**Exercise prompt**
Only an exact copy is wanted: the lines from the one holding "En el siguiente" through the last line below, minus the pictures.

-- Given data follows --

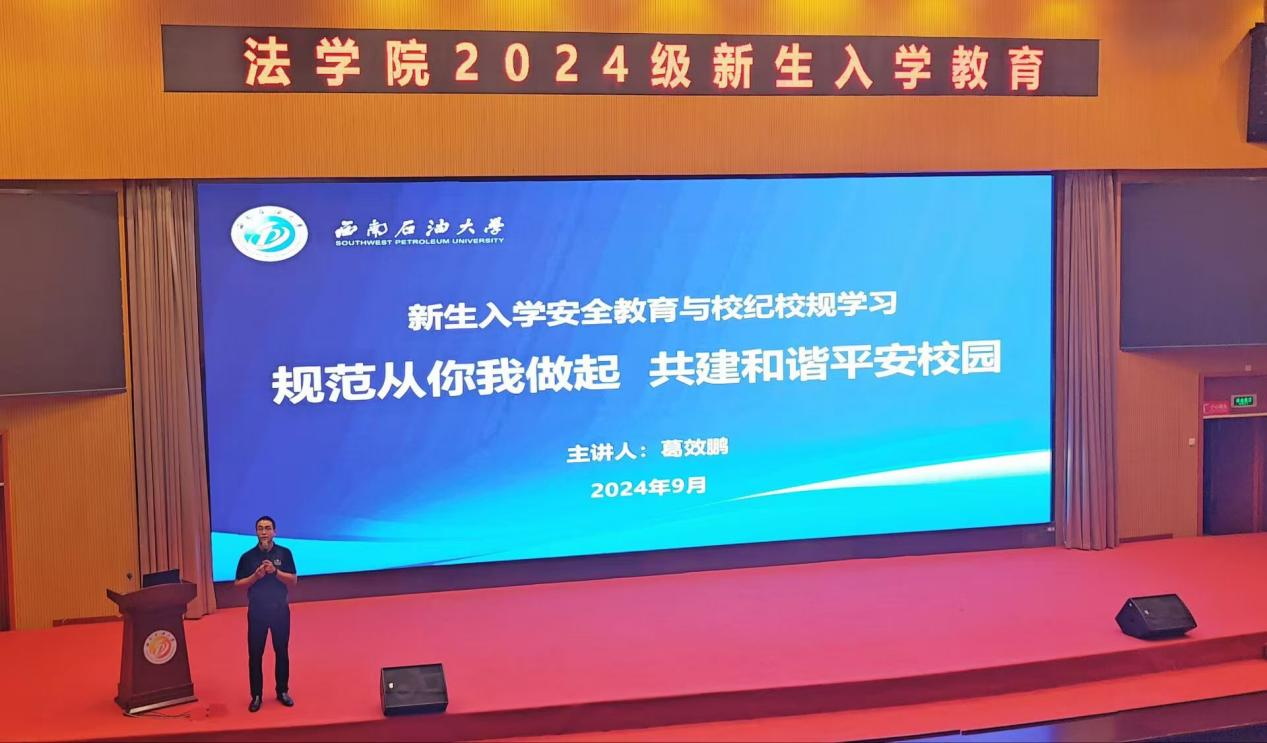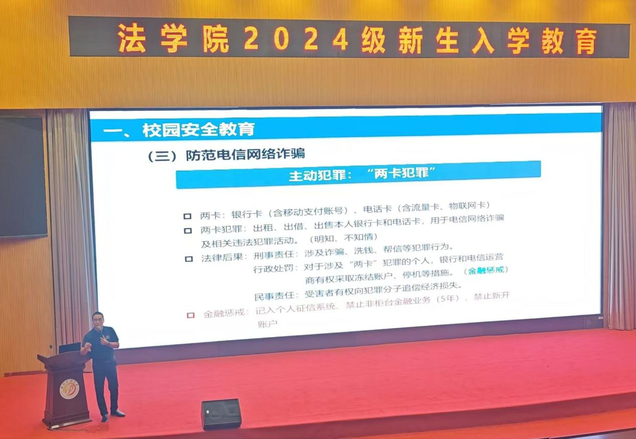 葛效鵬老師以“規范從你我做起,共建和諧平安校園”為主題,從校園的日常安全案例分析,從生活安全講到信息安全,內容涵蓋消防安全、治安安全、防范電信網絡詐騙等多個方面,為法學院新生入學安全生活打下“預防針”。
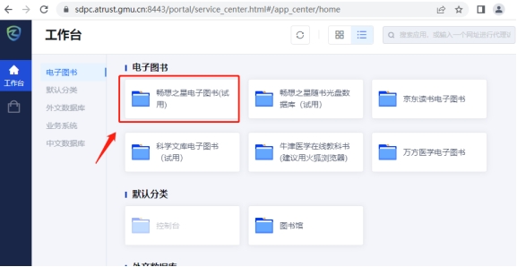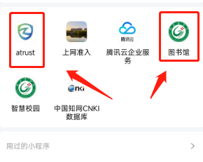 2.选择应用中的“atrust”或“图书馆”,如有登录或扫码的提醒则按要求操作,之后可访问需要的资源,如无资源可以联系信网中心添加相应的权限访问。
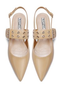 Ballerine beige a slingback con punta appuntita, fibbia decorativa di lato e suola piatta. Indossate con una gonna di pelle nera.
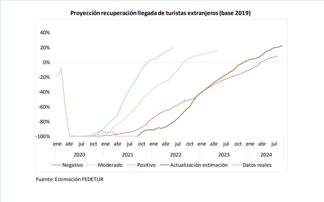 En el siguiente gráfico se puede apreciar las espectativas de recuperación realizadas a mediados de 2020 bajo tres escenarios distintos, y la actualizada en base a la información recogida para este estudio.
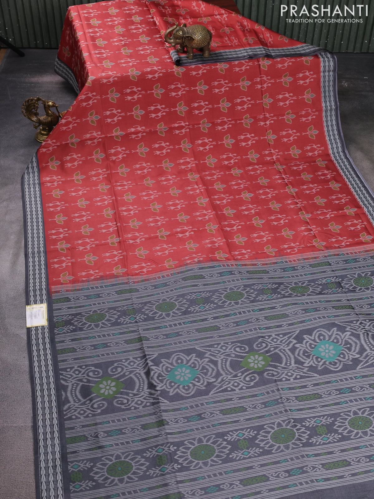Sambalpuri semi silk saree rustic orange and grey with allover ikat weaves and thread woven border
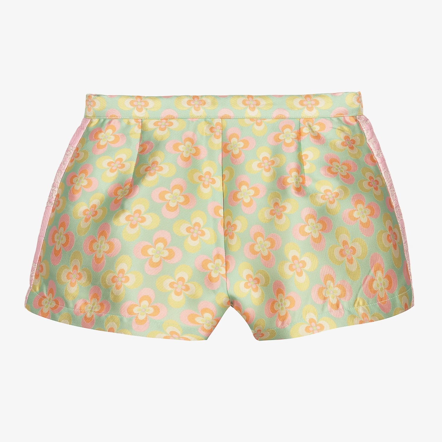 Teen girls green and pink shorts from Angel’s Face, made in silky jacquard with a colourful floral pattern. Lined in lightweight satin, they have front pockets and an adjustable waistband. There are pink and gold floral brocade panels on the sides, and a logo-embossed gold button and zip to fasten.
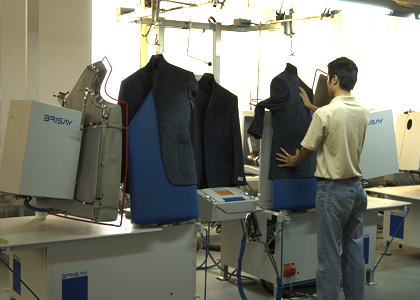 運用高品質的德國BRISAY立模整燙機,采用電腦控制蒸汽輸出量、溫度、壓力、定型、抽濕時間,根據(jù)面料的厚薄、質地、性能,以38種不同整燙程序調(diào)整以上各個參數(shù),配合服裝的整燙。
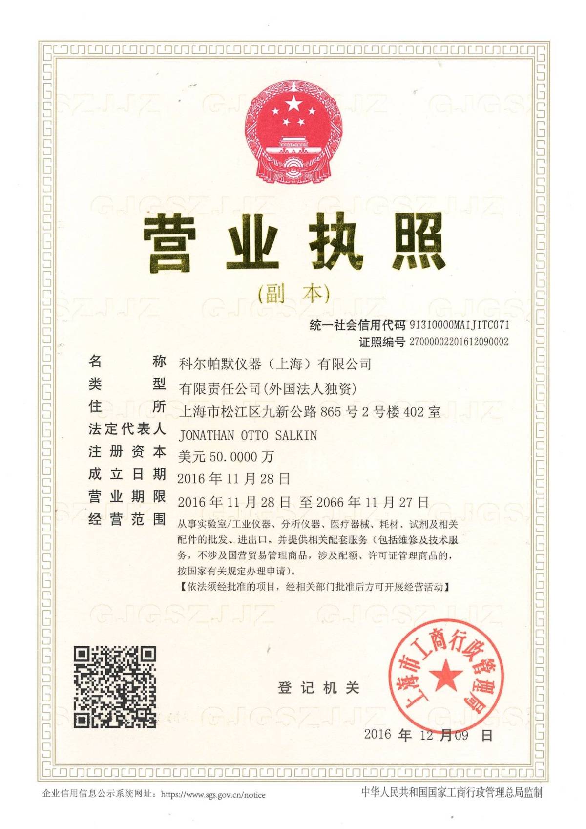 科尔帕默仪器(上海)有限公司企业类型

-- Given data concluded --

**Solution to this task**
 En el siguiente gráfico se puede apreciar las espectativas de recuperación realizadas a mediados de 2020 bajo tres escenarios distintos, y la actualizada en base a la información recogida para este estudio.
Sambalpuri semi silk saree rustic orange and grey with allover ikat weaves and thread woven border
 Teen girls green and pink shorts from Angel’s Face, made in silky jacquard with a colourful floral pattern. Lined in lightweight satin, they have front pockets and an adjustable waistband. There are pink and gold floral brocade panels on the sides, and a logo-embossed gold button and zip to fasten.
 運用高品質的德國BRISAY立模整燙機,采用電腦控制蒸汽輸出量、溫度、壓力、定型、抽濕時間,根據(jù)面料的厚薄、質地、性能,以38種不同整燙程序調(diào)整以上各個參數(shù),配合服裝的整燙。
 科尔帕默仪器(上海)有限公司企业类型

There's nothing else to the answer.